How do you calculate your PnL in your software?

Discussion in 'App Development' started by runtrader, Sep 29, 2016.

  1. runtrader

    runtrader

    I'm refactoring my backtesting engine in my software and adding additional functionality and thought I'd look into different methods of PnL calculation.

    I'm interested in how others calculate PnL in their trading systems. There are various methods - FIFO, LIFO and the average cost method. Wondering if anyone has any insight into which is the preferred method and why?
     
  2. Preferred method is MTM, in order to get correct daily returns. LIFO/FIFO matter only for taxes.
     
  3. In my backtester I close the positions FIFO since it's easier to program. It really doesn't matter.
    e.g. I opened a series of long EURUSD positions and now I start opening a series of shorts to close the longs. I start at the oldest and move forward in time. Mathematically it doesn't matter in the end.
     
  4. runtrader

    runtrader

    Thanks for the responses guys. The position management in my strategies cause constant scaling in and out and thus potentially many fills for an instrument. With FIFO you have to cycle through every fill each time (unless you keep some intermediate state), but I agree mathematically it doesn't matter in the end.

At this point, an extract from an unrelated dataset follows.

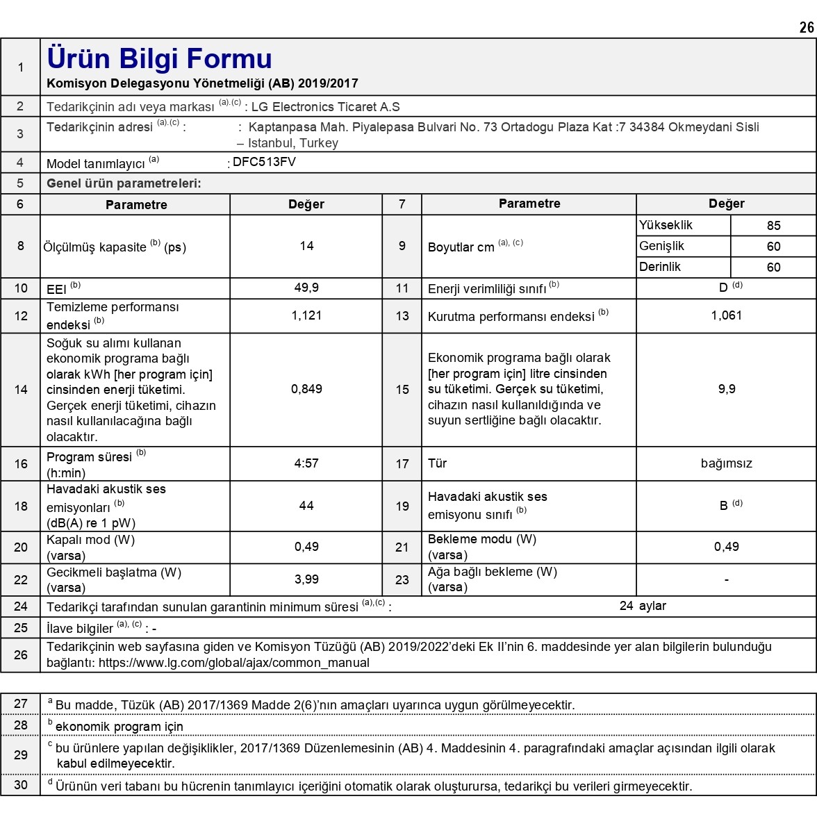Lg DFC513FV D Enerji Sınıfı 9 Program Bulaşık Makinesi
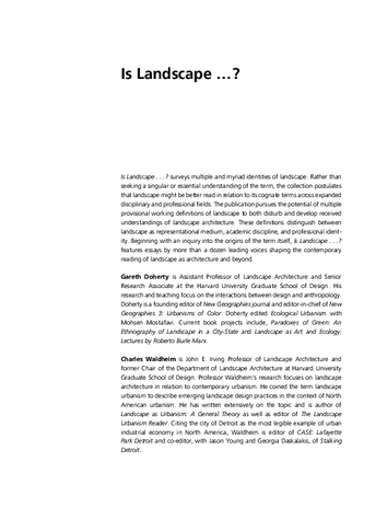 Moore, K. (2016) 'Is landscape Philosophy?', in Doherty, G. and Waldheim, C. (eds.) Essays on the in Identity of Landscape: Routledge.

    I'm using the average cost method due to simplicity and speed.

    I use this this as my test case,
    https://www.tradingtechnologies.com...tion-algorithm/understanding-pl-calculations/

    I'd be interested in hearing about any other resources where I could find similar examples that could be used for test cases.
     
  5. zupdawg

    zupdawg

    FIFO LIFO matters only if you care about realized vs unrealized P&L. I personally don't, except maybe for taxes if you're trading on a personal account.

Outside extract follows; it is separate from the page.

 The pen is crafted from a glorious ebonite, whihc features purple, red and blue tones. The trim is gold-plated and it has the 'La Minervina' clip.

    When you're backtrading there are other things I'd worry more about, such as whether your data incorporates all dividends, stock splits, acquisitions. And that you avoid any selection bias such as only trading companies that still exist today
     
  6. 931

    931

    Spread, comission , -interest , all factors good to have.
    Usign avg price for execution may not work on all algos well as real tickdata comes in differently.
    May be good if algo concludes its entry point based on data before last bar, then less dif under live/test.